◆ **Task to carry out**
Quote word for word from the line holding "- 다른 종류의 여러" to the last line below, including both, and omit any pictures.

##### Source information #####

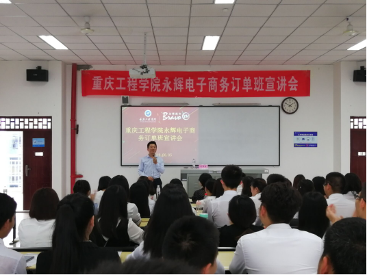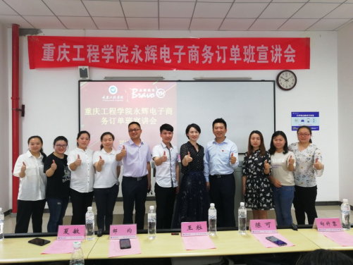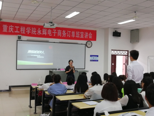 管理学院电子商务系于6月5日16:00在六教301举行永辉电子商务订单班宣讲会。永辉超市股份有限公司1933项目组经理王粒、重庆永辉超市电子商务合伙人夏敏、向针黎、永辉超市人力资源团队王利利,及管理学院党总支书记邹均、管理学院副院长陈可、管理学院实习实训中心主任张中义等共14人参加了宣讲会。本次宣讲会由管理学院电子商务系主任刘章勇主持。
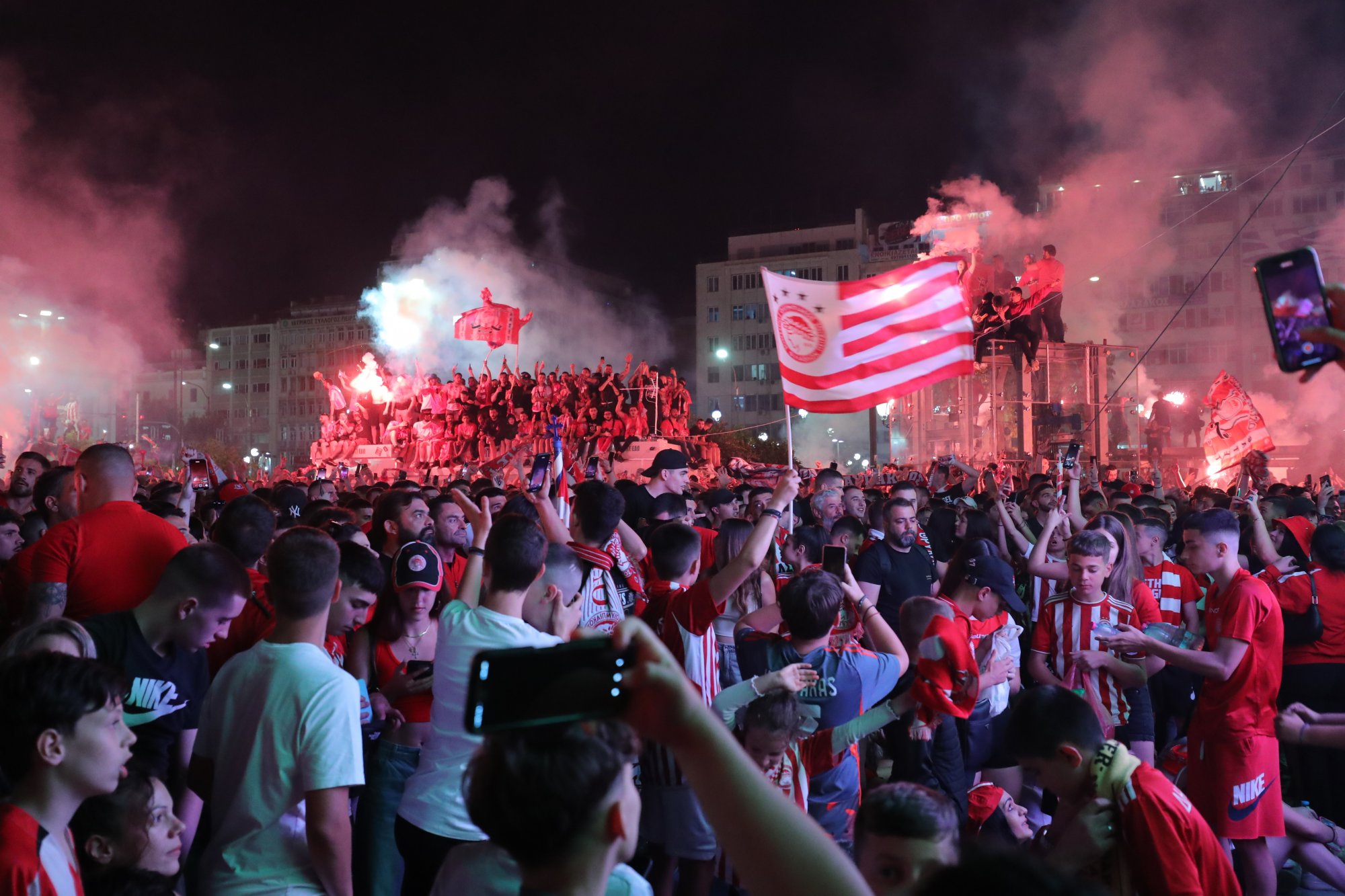 Με επίκεντρο τον Πειραιά, από την Αλεξανδρούπολη έως την Κρήτη και από την Κέρκυρα, ως την Αλόννησο και τη Λήμνο, μικροί και μεγάλοι, στα ερυθρόλευκα χρώματα, μεθυσμένοι από το νέκταρ της επιτυχίας πανηγύρισαν τη θριαμβευτική επικράτηση του Ολυμπιακού στον τελικό επί της Φιορεντίνα.
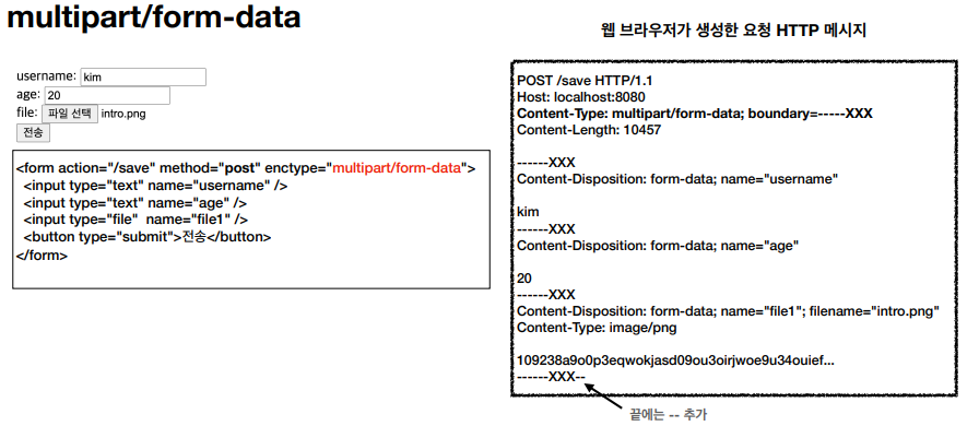 - 다른 종류의 여러 파일과 폼의 내용 함께 전송 가능(그래서 이름이 multipart)
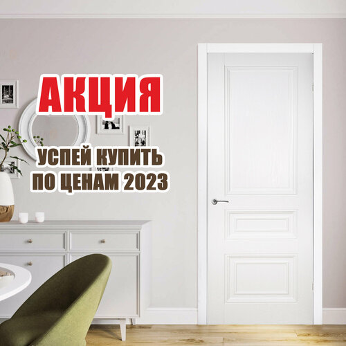 Комплект межкомнатная дверь Классик 8, глухая, с коробкой и наличником, белое дерево 80х200 см
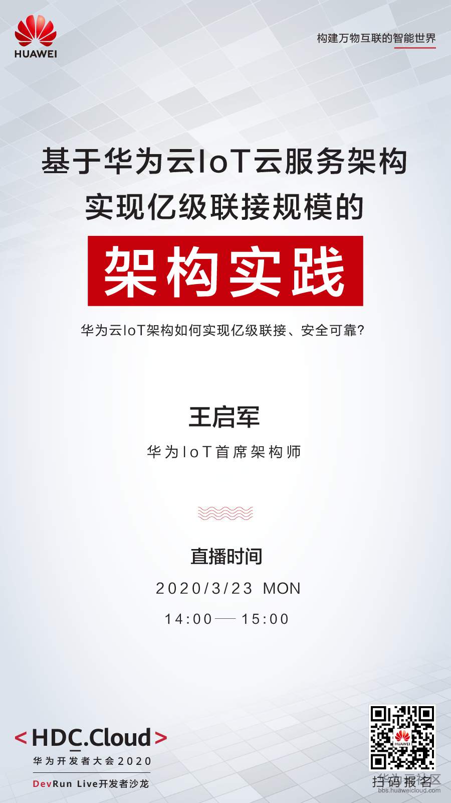 在3月23日第五期的华为DevRun Live开发者沙龙中,华为云IoT首席架构师王启军将分享《基于华为云 IoT云服务架构,实现亿级联接规模的架构实践》,带你了解华为云IoT云服务架构设计实践、架构演变过程、最终实现华为云IoT云服务亿级联接、百万高并发、安全可靠。
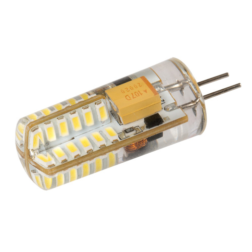 Светодиодная лампа AR-G4-1338DS-2W-12V Day White Лампа G4 в силиконе. Цвет ДНЕВНОЙ БЕЛЫЙ 4000-4500К, мощность 2.0 W, питание DC 12V (от стабилизированного источника). Светодиоды 48шт smd 3014. Св.поток 150-160 лм, угол 270 градусов, CRI>80. размеры Д
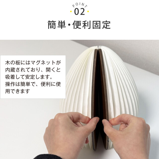 木の板にはマグネットが内蔵されており、開くと簡単に固定されます。

#####

◆ **Problem solution**
 - 다른 종류의 여러 파일과 폼의 내용 함께 전송 가능(그래서 이름이 multipart)
 Комплект межкомнатная дверь Классик 8, глухая, с коробкой и наличником, белое дерево 80х200 см
 在3月23日第五期的华为DevRun Live开发者沙龙中,华为云IoT首席架构师王启军将分享《基于华为云 IoT云服务架构,实现亿级联接规模的架构实践》,带你了解华为云IoT云服务架构设计实践、架构演变过程、最终实现华为云IoT云服务亿级联接、百万高并发、安全可靠。
 Светодиодная лампа AR-G4-1338DS-2W-12V Day White Лампа G4 в силиконе. Цвет ДНЕВНОЙ БЕЛЫЙ 4000-4500К, мощность 2.0 W, питание DC 12V (от стабилизированного источника). Светодиоды 48шт smd 3014. Св.поток 150-160 лм, угол 270 градусов, CRI>80. размеры Д
 木の板にはマグネットが内蔵されており、開くと簡単に固定されます。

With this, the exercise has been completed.